Task brief
Please copy the data below exactly; none of the pictures in it belong in the copy.

Given material START

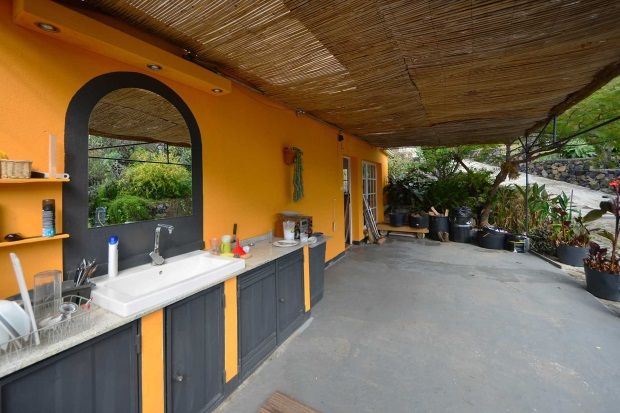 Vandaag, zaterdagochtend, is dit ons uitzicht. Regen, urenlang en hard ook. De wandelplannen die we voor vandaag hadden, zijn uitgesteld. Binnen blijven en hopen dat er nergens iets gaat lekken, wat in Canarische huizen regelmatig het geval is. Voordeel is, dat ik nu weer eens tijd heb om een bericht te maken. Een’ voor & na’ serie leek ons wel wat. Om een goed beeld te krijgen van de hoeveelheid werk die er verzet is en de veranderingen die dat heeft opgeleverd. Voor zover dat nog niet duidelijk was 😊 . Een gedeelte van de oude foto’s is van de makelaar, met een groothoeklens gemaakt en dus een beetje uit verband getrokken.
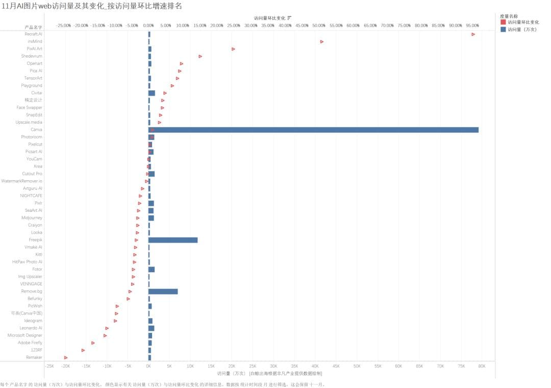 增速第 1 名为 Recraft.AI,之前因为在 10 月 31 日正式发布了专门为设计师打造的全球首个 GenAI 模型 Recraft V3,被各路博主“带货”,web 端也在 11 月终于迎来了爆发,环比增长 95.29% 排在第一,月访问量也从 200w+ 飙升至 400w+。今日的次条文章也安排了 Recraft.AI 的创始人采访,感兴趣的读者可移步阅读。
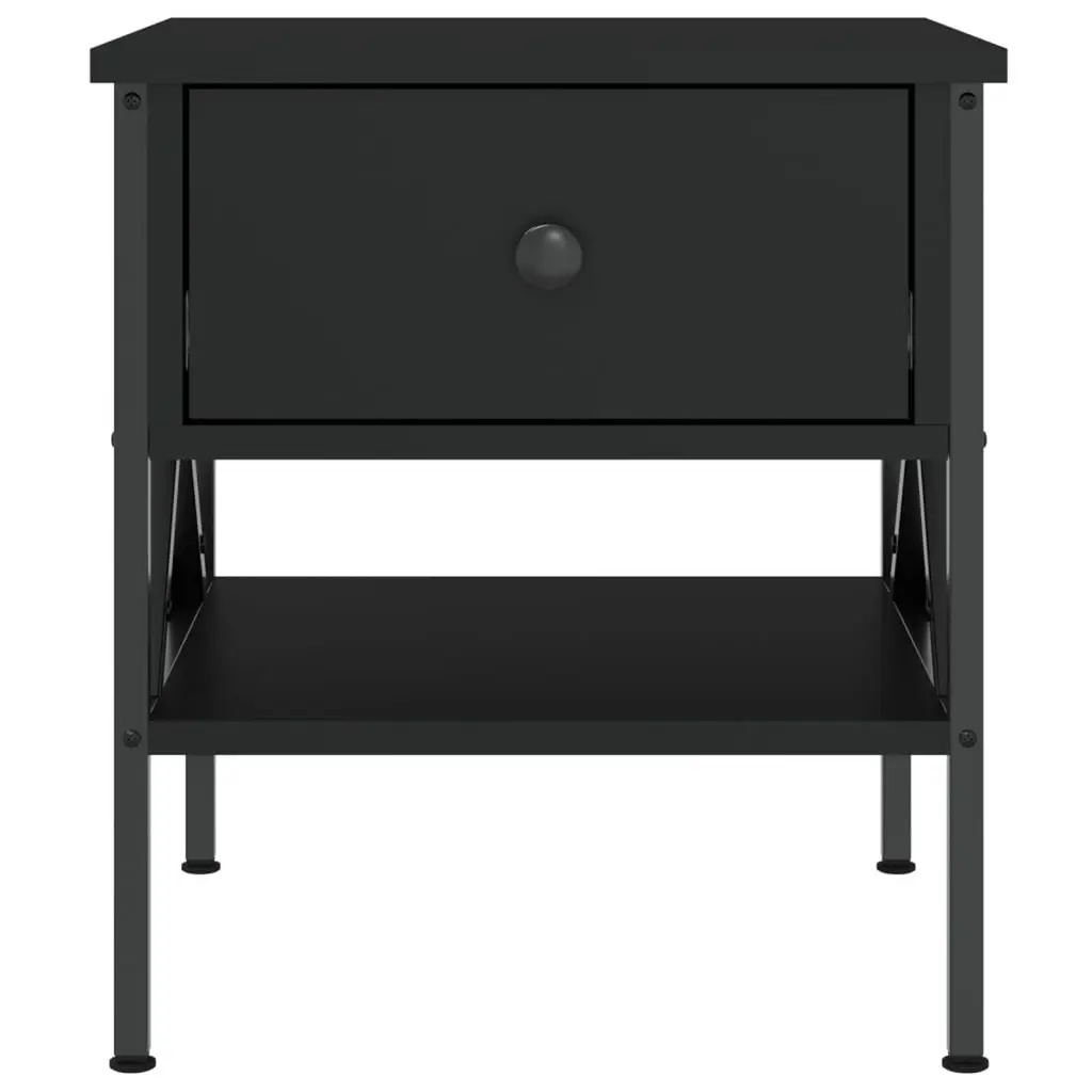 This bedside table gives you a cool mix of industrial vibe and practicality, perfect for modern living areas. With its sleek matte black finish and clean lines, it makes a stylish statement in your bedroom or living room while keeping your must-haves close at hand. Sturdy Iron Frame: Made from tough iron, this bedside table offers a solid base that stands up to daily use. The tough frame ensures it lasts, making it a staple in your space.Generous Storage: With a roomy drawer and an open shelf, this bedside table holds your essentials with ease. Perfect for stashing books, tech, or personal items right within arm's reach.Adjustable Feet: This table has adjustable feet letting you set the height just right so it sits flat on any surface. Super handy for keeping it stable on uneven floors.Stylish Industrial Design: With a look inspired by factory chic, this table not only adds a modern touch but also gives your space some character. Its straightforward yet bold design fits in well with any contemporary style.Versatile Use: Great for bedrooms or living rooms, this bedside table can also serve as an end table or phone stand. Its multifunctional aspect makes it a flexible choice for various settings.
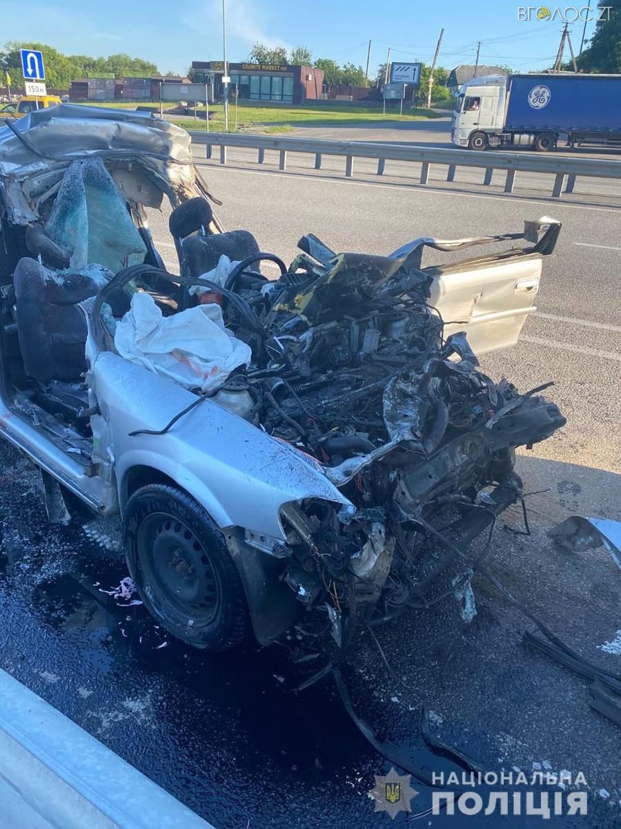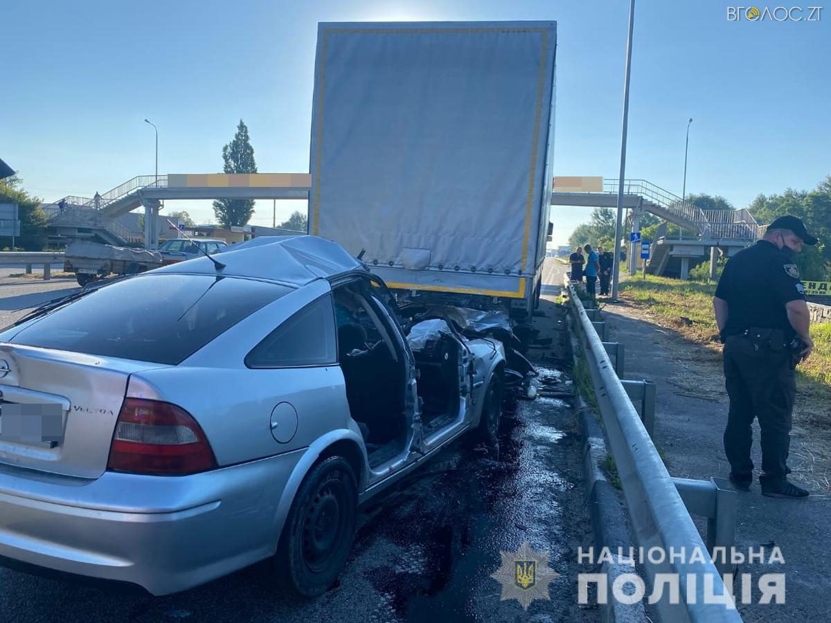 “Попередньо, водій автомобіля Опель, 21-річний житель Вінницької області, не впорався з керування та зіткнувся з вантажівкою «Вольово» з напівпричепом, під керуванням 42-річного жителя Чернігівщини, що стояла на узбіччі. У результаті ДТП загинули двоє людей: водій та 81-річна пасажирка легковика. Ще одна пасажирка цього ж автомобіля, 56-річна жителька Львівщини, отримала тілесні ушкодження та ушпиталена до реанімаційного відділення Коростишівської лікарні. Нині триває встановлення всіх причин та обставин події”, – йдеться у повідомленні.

Given material END

Exercise answer
 Vandaag, zaterdagochtend, is dit ons uitzicht. Regen, urenlang en hard ook. De wandelplannen die we voor vandaag hadden, zijn uitgesteld. Binnen blijven en hopen dat er nergens iets gaat lekken, wat in Canarische huizen regelmatig het geval is. Voordeel is, dat ik nu weer eens tijd heb om een bericht te maken. Een’ voor & na’ serie leek ons wel wat. Om een goed beeld te krijgen van de hoeveelheid werk die er verzet is en de veranderingen die dat heeft opgeleverd. Voor zover dat nog niet duidelijk was 😊 . Een gedeelte van de oude foto’s is van de makelaar, met een groothoeklens gemaakt en dus een beetje uit verband getrokken.
 增速第 1 名为 Recraft.AI,之前因为在 10 月 31 日正式发布了专门为设计师打造的全球首个 GenAI 模型 Recraft V3,被各路博主“带货”,web 端也在 11 月终于迎来了爆发,环比增长 95.29% 排在第一,月访问量也从 200w+ 飙升至 400w+。今日的次条文章也安排了 Recraft.AI 的创始人采访,感兴趣的读者可移步阅读。
 This bedside table gives you a cool mix of industrial vibe and practicality, perfect for modern living areas. With its sleek matte black finish and clean lines, it makes a stylish statement in your bedroom or living room while keeping your must-haves close at hand. Sturdy Iron Frame: Made from tough iron, this bedside table offers a solid base that stands up to daily use. The tough frame ensures it lasts, making it a staple in your space.Generous Storage: With a roomy drawer and an open shelf, this bedside table holds your essentials with ease. Perfect for stashing books, tech, or personal items right within arm's reach.Adjustable Feet: This table has adjustable feet letting you set the height just right so it sits flat on any surface. Super handy for keeping it stable on uneven floors.Stylish Industrial Design: With a look inspired by factory chic, this table not only adds a modern touch but also gives your space some character. Its straightforward yet bold design fits in well with any contemporary style.Versatile Use: Great for bedrooms or living rooms, this bedside table can also serve as an end table or phone stand. Its multifunctional aspect makes it a flexible choice for various settings.
 “Попередньо, водій автомобіля Опель, 21-річний житель Вінницької області, не впорався з керування та зіткнувся з вантажівкою «Вольово» з напівпричепом, під керуванням 42-річного жителя Чернігівщини, що стояла на узбіччі. У результаті ДТП загинули двоє людей: водій та 81-річна пасажирка легковика. Ще одна пасажирка цього ж автомобіля, 56-річна жителька Львівщини, отримала тілесні ушкодження та ушпиталена до реанімаційного відділення Коростишівської лікарні. Нині триває встановлення всіх причин та обставин події”, – йдеться у повідомленні.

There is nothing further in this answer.